Running political or social issue ads on Meta means going through their authorization process before a single ad can serve. It's not optional, the timing is finicky, and most campaigns underestimate how long it takes. Here's the actual process, the gotchas we've seen, and how early you should start.
Who Needs to Get Authorized
Anyone running ads about elections, candidates, government policy, or social issues (gun rights, abortion, immigration, climate, civil rights, etc.) has to complete Meta's authorization. That includes:
- Candidates and campaign committees
- PACs and super PACs
- Advocacy organizations
- Nonprofits running issue campaigns
- Anyone boosting a post that mentions a candidate or referenced public office
If you skip the process and try to run ads anyway, Meta either rejects the ads outright or pulls them mid-flight. Either way, you're stuck.

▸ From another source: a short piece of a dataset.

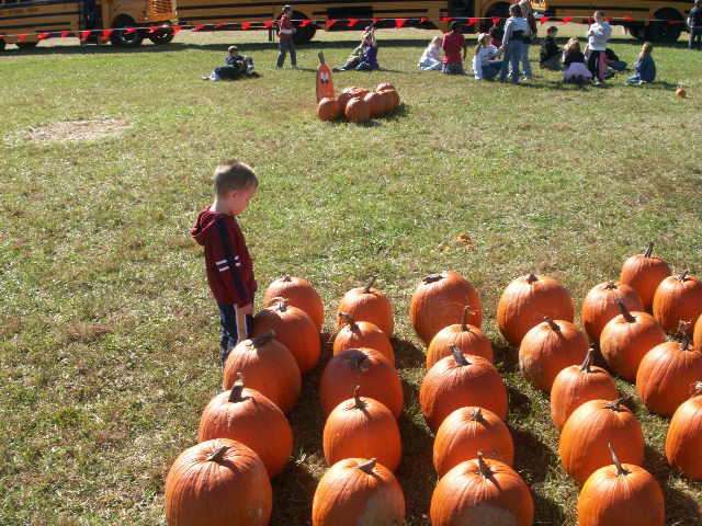 James was off work on Friday, so we gathered up the kids and went to a local Pumpkin Patch. Thade had been looking forward to the trip for quite a while, but once we got to the patch, he changed his mind. He wasn’t too cheerful, but the rest of us had a great time. The weather was just right for finding the perfect pumpkin.

The Four Things You Actually Have to Do
1. Verify Your Identity
This is the personal step. The person running the ads (and every page admin who'll touch the political content) needs to verify their identity with Meta directly. Start at facebook.com/id.
What you need:
- Two-factor authentication enabled on your Facebook account before you start
- A US government ID: passport, driver's license, or State ID card
- A US-based residential mailing address for confirmation by mailed code
- The name on your ID matching your Facebook profile name exactly: if your profile says "Bobby" and your ID says "Robert," fix the profile first
2. Create Your Disclaimer
Every political or social issue ad has to display a "Paid for by" line identifying who funded it. You set this up on the Page that will be running the ads:
- Open Page Settings → Page Authorizations
- Click "Create Disclaimer"
- Enter the full legal name of the committee or organization (must match what's on file with the FEC or state election commission)
- For organizations: be ready to upload registration documents (articles of incorporation, IRS letter, state filings, FEC committee number)

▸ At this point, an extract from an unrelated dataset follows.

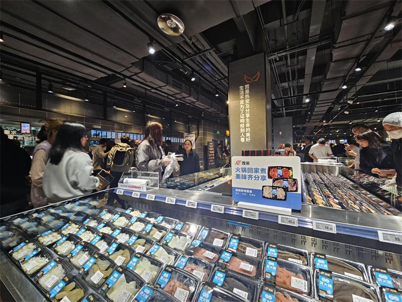 “重慶火鍋萬物皆可燙,燙的是產業(yè)、就業(yè),燙的是對美好生活的向往,每一道食材后面都是一條產業(yè)鏈。我們想的就是把這些產業(yè)鏈聚合到一起,精心篩選質優(yōu)價美的好商品,爭取讓顧客可以一站式購齊一頓火鍋需要的所有食材。”門店相關負責人介紹,火鍋專區(qū)的新場景很受本地顧客青睞,“有的是一家人,有的是年輕的情侶,大家一邊挑選,一邊興高采烈地商量著晚上要怎么在家燙火鍋,是一個很有幸福感的場景,這種模式既是‘火鍋+超市’,又像是‘火鍋+家’。”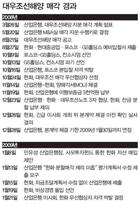 하지만 축배를 들 시간은 너무 짧았다. 미국발 금융위기로 실탄이 마르기 시작하면서 상황은 급변했다. 나라 안팎에서 돈줄이 말라갔다. 하나은행·농협 등 대출 의사를 밝혀온 은행들은 냉정했다. 신용 경색을 이유로 자금 지원 규모를 애초 예정보다 줄인다는 방침을 한화에 통보했다. 마지막까지 기대했던 중동 자금 유치도 무산됐다. 부동산·증권시장 급랭으로 계열사 지분 및 사옥 매각도 제값을 받지 못하게 됐다. 그사이 이구택 회장과 허창수 회장은 대우조선 인수에 관심 없다며 비판을 툴툴 털어버렸다.

The disclaimer auto-displays on every approved ad after that.
3. Link an Ad Account
Authorization is per ad account, not per Page. Even if your Page is authorized, the specific ad account running the ads also has to be linked under that authorization.
- In Page Authorizations, select "Link an Ad Account"
- Pick the ad account that'll run the political content
- Confirm the ad account has a valid payment method and no outstanding policy violations
If the ad account has any prior policy violations or unpaid bills, clean those up before linking. Meta will reject linkage on accounts that aren't in good standing.
4. Assign Page Responsibility
Meta requires every Page that runs political ads to have at least one identified responsible party. This is the most common tripping point we see, the agency admin gets verified, but the candidate's own Page admin never does, and ads get blocked at launch.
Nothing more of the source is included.